Politicians, like novelists, are obsessed by posterity. Practitioners of the here and now — tomorrow’s headline, the latest poll, the next electoral hurdle — they nurse secret and often vainglorious hopes that their greatest plaudits will come in the future. Before New Labour swept to power in 1997, senior Blairites used to joke about the need to get ‘their betrayals in early’. Now, 11 years later, as the government disintegrates painfully and publicly, Cabinet ministers are rushing to get their side of the story across, to make excuses, and to pass the buck.
Few political interviews have been parsed so closely or caused such an instant storm — financial and political — as Alistair Darling’s cri de coeur in Saturday’s Guardian. It has been argued by the Chancellor’s champions that he was only speaking the truth (if so, why didn’t he speak the truth on Budget Day?) and that his remarks were those of a commendably frank politician relaxing on holiday and unaware that what he said would whip up such a frenzy. Yet it is scarcely credible that Mr Darling, a veteran survivor who has been a senior minister throughout the New Labour era, would not have paused for thought before choosing his words.

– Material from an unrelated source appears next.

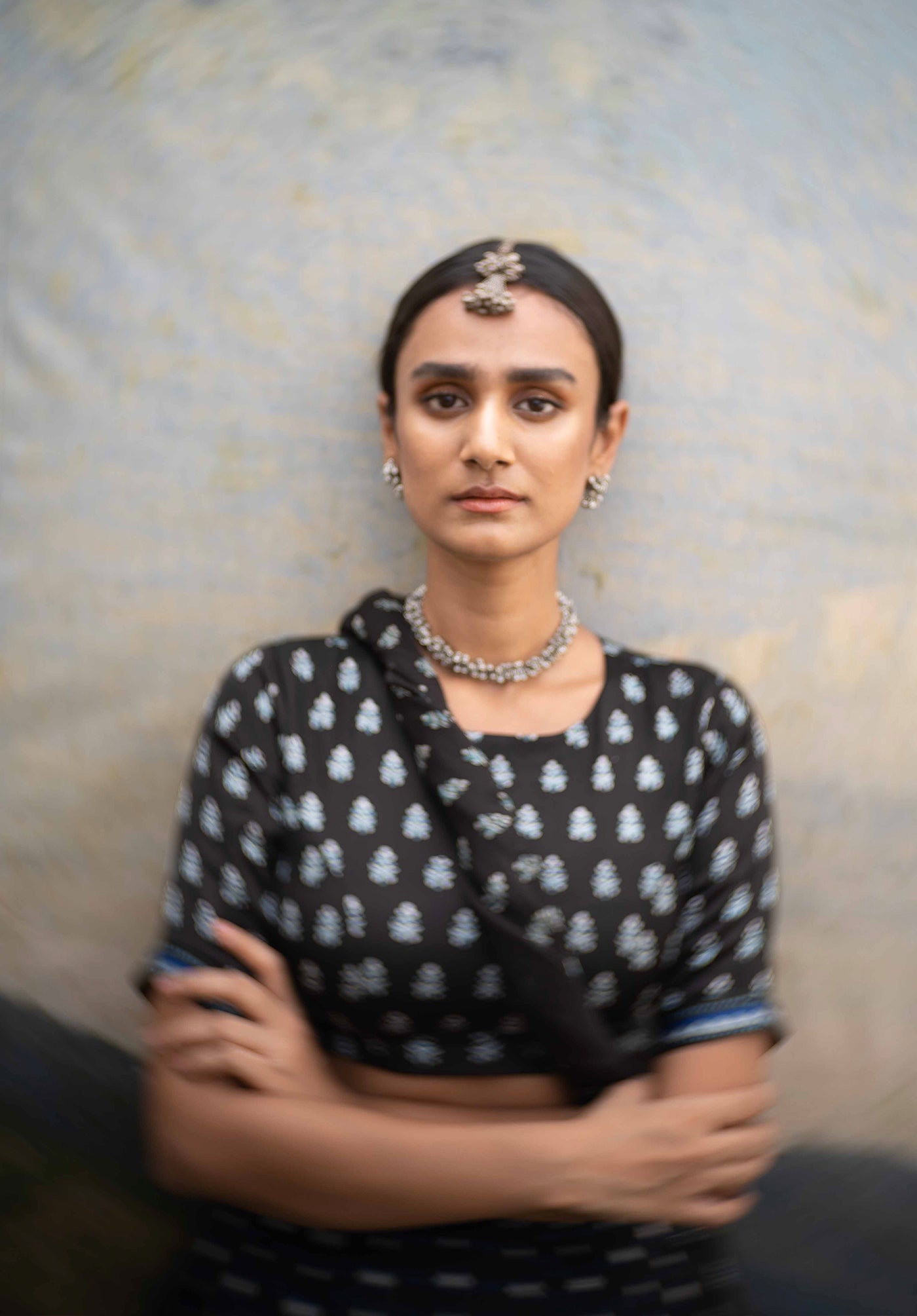 The Chand Lehenga displays the striking hues of blue against black, featuring  hand block printed mughal motifs of flora and leaves . the lehenga is paired with a handblock printed  silk organza dupatta finished with a satin piping.

Indeed, his language seemed hyperbolic by calculation. It is simply wrong to say that the economic times ‘are arguably the worst they’ve been in 60 years’, as anyone who can remember the last Labour government knows full well. ‘This coming 12 months,’ the Chancellor added, ‘will be the most difficult 12 months the Labour party has had in a generation, quite frankly.’ Worse than the 1987 and 1992 elections, then? In case anyone had missed the point, Mr Darling explained that ‘people are p***ed off with us’. With friends like these, the Prime Minister must have thought, who needs David Cameron?
Mr Darling’s twisting of the skean dhu has been compared to Geoffrey Howe’s rhetorical assassination of Margaret Thatcher in 1990, but the closer parallels are with the resignation of Nigel Lawson in 1989.